Rambu Lalu Lintas Akhir-akhir ini muncul di media sosial dimana ada perdebatan antara seorang Supir Taxi dengan Polisi. Dari Video tersebut Supir Taxi yang berhenti di bawah rambu lalu lintas dilarang parkir (tanda huruf “P” warna hitam di coret warna merah) kemudian didatangi oleh dua orang Polisi dan mengatakan Supir Taxi melanggar rambu lalu lintas sehingga menilangnya sementara dilain sisi Supir Taxi yang selalu berada di dalam taxi merasa tidak melanggar rambu dengan dalil hanya berhenti untuk melihat compressor taxi. Berdasarkan hal tersebut maka kita akan membahas tentang Larangan Parkir dan Larangan Berhenti atau Stop.

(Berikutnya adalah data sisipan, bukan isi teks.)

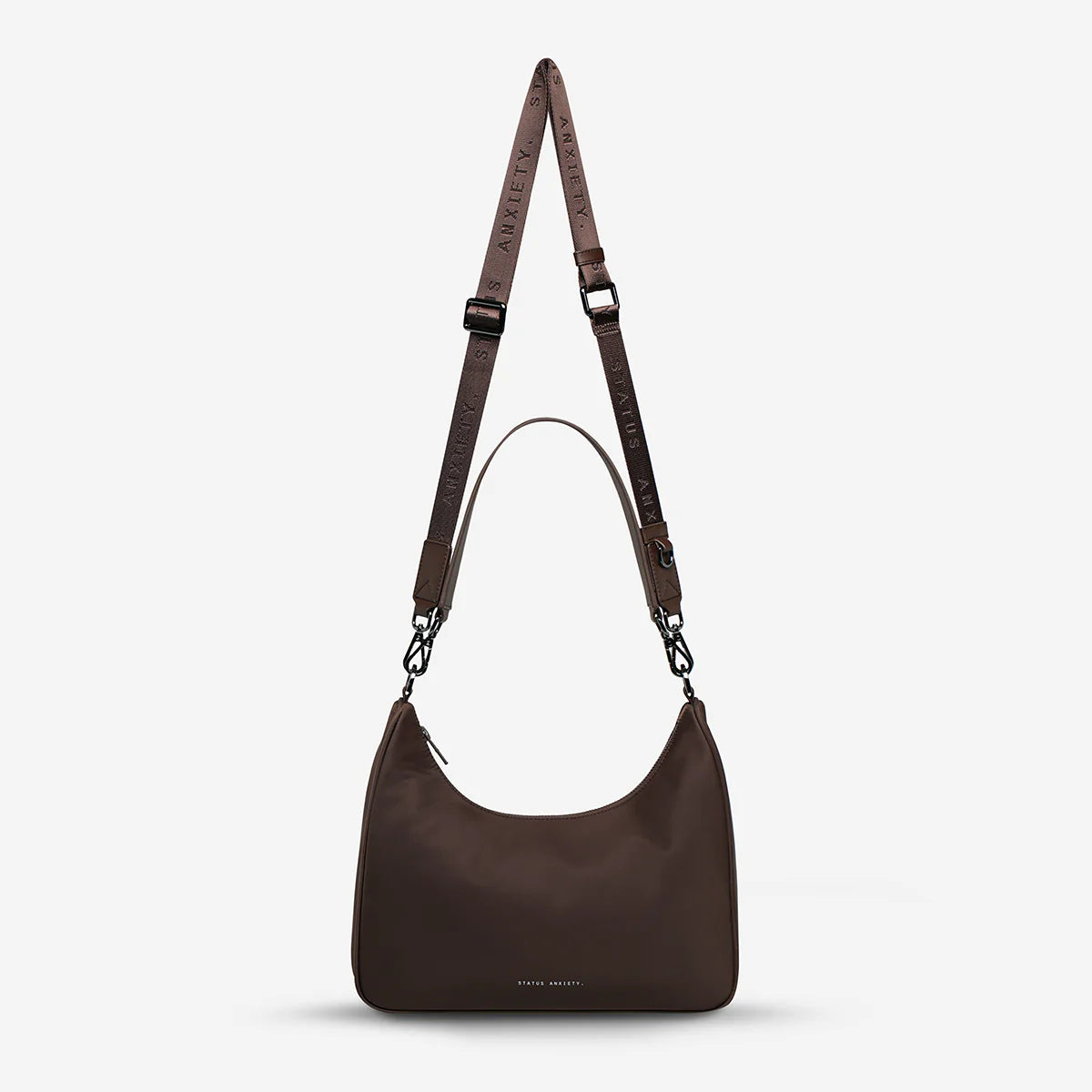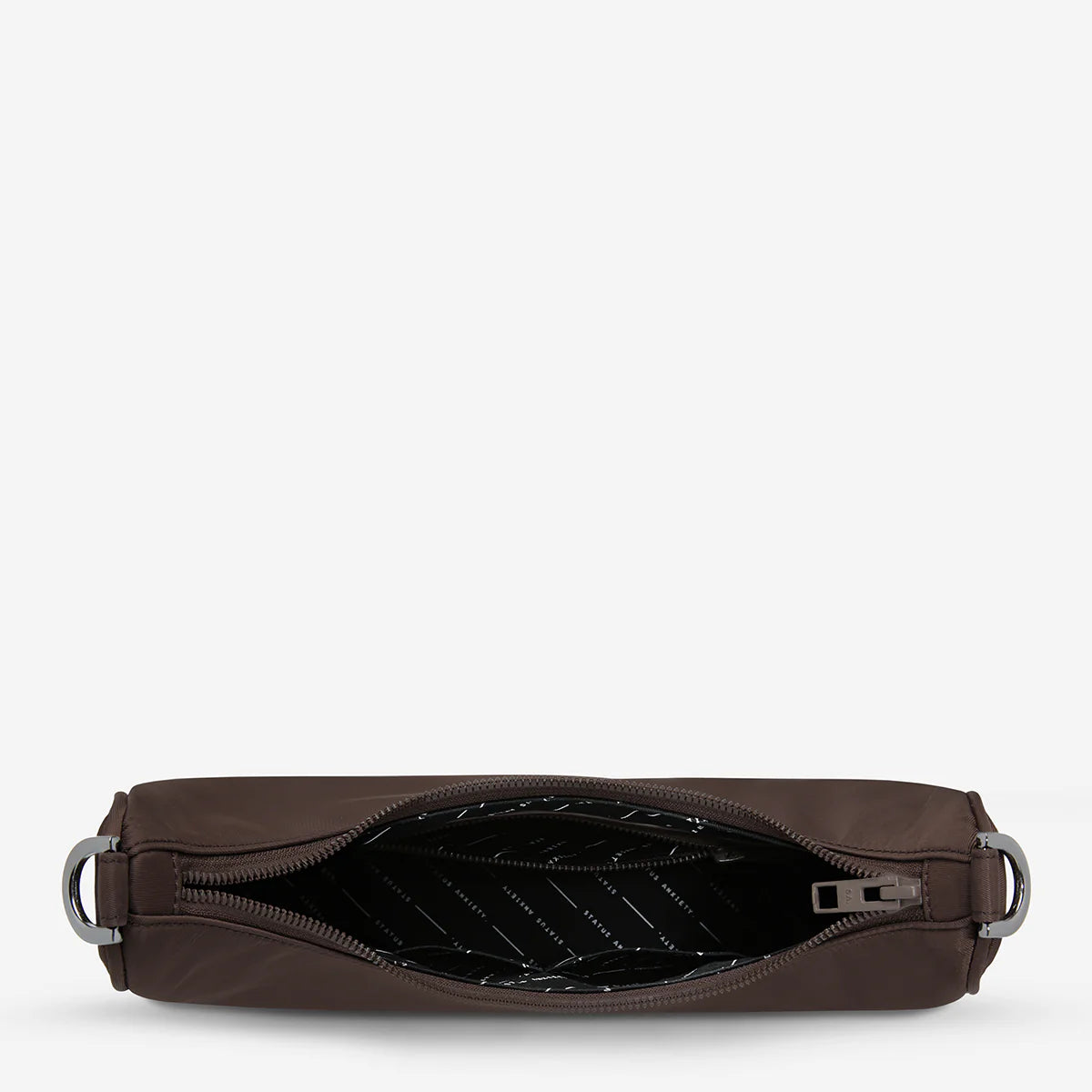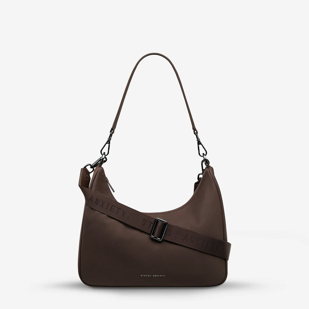 The Fleur is a versatile bag that works as hard as you do. Crafted from premium reinforced recycled polyester, it offers surprising storage capacity without compromising on style. Switch between the longer webbed strap for everyday crossbody wear or the shorter shoulder strap for dressier occasions. Inside, you'll find an internal zipper pocket and open pouch pocket to keep essentials organised. Finished with branded zippers, gunmetal hardware, and custom Status Anxiety lining—plus it arrives in a branded drawstring bag, ready to gift or keep.

Jika kita melihat Undang-Undang Nomor 22 tahun 2009 tentang Lalu Lintas dan Angkutan  Jalan (“UULLAJ”) Pasal 106 ayat (4) huruf a mengatakan bahwa:                 Setiap orang yang mengemudikan kendaraan bermotor di jalan wajib mematuhi ketentuan: a.      Rambu perintah atan rambu larangan; Jika si pengendara melakukan pelanggaran sebagaimana dimaksud pada Pasal 106 ayat (4) huruf a maka sesuai dengan Pasa 287 UULLAJ mengatakan: Setiap orang yang mengemudikan kendaraan bermotor di jalan yang melanggar aturan perintah atau  larangan yang dinyakan dengan rambu lalu lintas sebagaimana dimaksud Pasal 106 ayat (4) huruf a atau marka jalan sebagaimana dimaksud dalam Pasal 106 ayat (4) huruf b dipidana dengan pidana…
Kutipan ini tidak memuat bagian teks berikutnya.